- Date: 17–23 February
- Edition: 4th
- Surface: Hard (indoor)
- Location: Koblenz, Germany

Champions

Singles
- Tomáš Macháč

Doubles
- Sander Arends / David Pel
| Koblenz Open |

= 2020 Koblenz Open =

The 2020 Koblenz Open was a professional tennis tournament played on indoor hard courts. It was the fourth edition of the tournament which was part of the 2020 ATP Challenger Tour. It took place in Koblenz, Germany from 17 to 23 February 2020.

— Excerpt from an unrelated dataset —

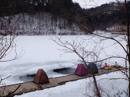《えん堤桟橋・ワカサギ釣り》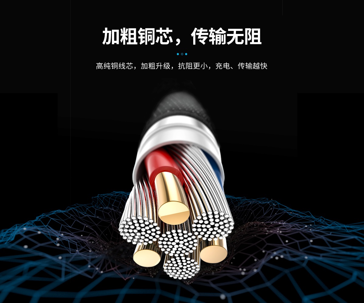 高純銅線芯,加粗升級(jí),抗阻更小,充電、傳輸越快

==Singles main-draw entrants==

===Seeds===

| Country | Player | Rank^{1} | Seed |
|---|---|---|---|
| GER | Yannick Maden | 143 | 1 |
| GER | Yannick Hanfmann | 151 | 2 |
| NED | Tallon Griekspoor | 172 | 3 |
| GER | Oscar Otte | 177 | 4 |
| FRA | Maxime Janvier | 179 | 5 |
| NED | Botic van de Zandschulp | 201 | 6 |
| FRA | Quentin Halys | 203 | 7 |
| GER | Mats Moraing | 225 | 8 |
| GER | Julian Lenz | 241 | 9 |
| GER | Dustin Brown | 242 | 10 |
| ESP | Nicola Kuhn | 246 | 11 |
| BEL | Ruben Bemelmans | 251 | 12 |
| GER | Daniel Masur | 253 | 13 |
| RUS | Teymuraz Gabashvili | 270 | 14 |
| AUT | Lucas Miedler | 277 | 15 |
| RUS | Pavel Kotov | 282 | 16 |

- ^{1} Rankings are as of 10 February 2020.

===Other entrants===
The following players received wildcards into the singles main draw:
- GER Nino Ehrenschneider
- CZE Marek Gengel
- GER Milan Welte
- GER Louis Wessels
- GER Leopold Zima

The following players received entry from the qualifying draw:
- GER Lucas Gerch
- IND Sasikumar Mukund

The following player received entry as a lucky loser:
- TUR Ergi Kırkın

==Champions==

===Singles===

- CZE Tomáš Macháč def. NED Botic van de Zandschulp 6–3, 4–6, 6–3.

===Doubles===

- NED Sander Arends / NED David Pel def. GER Julian Lenz / GER Yannick Maden 7–6^{(7–4)}, 7–6^{(7–3)}.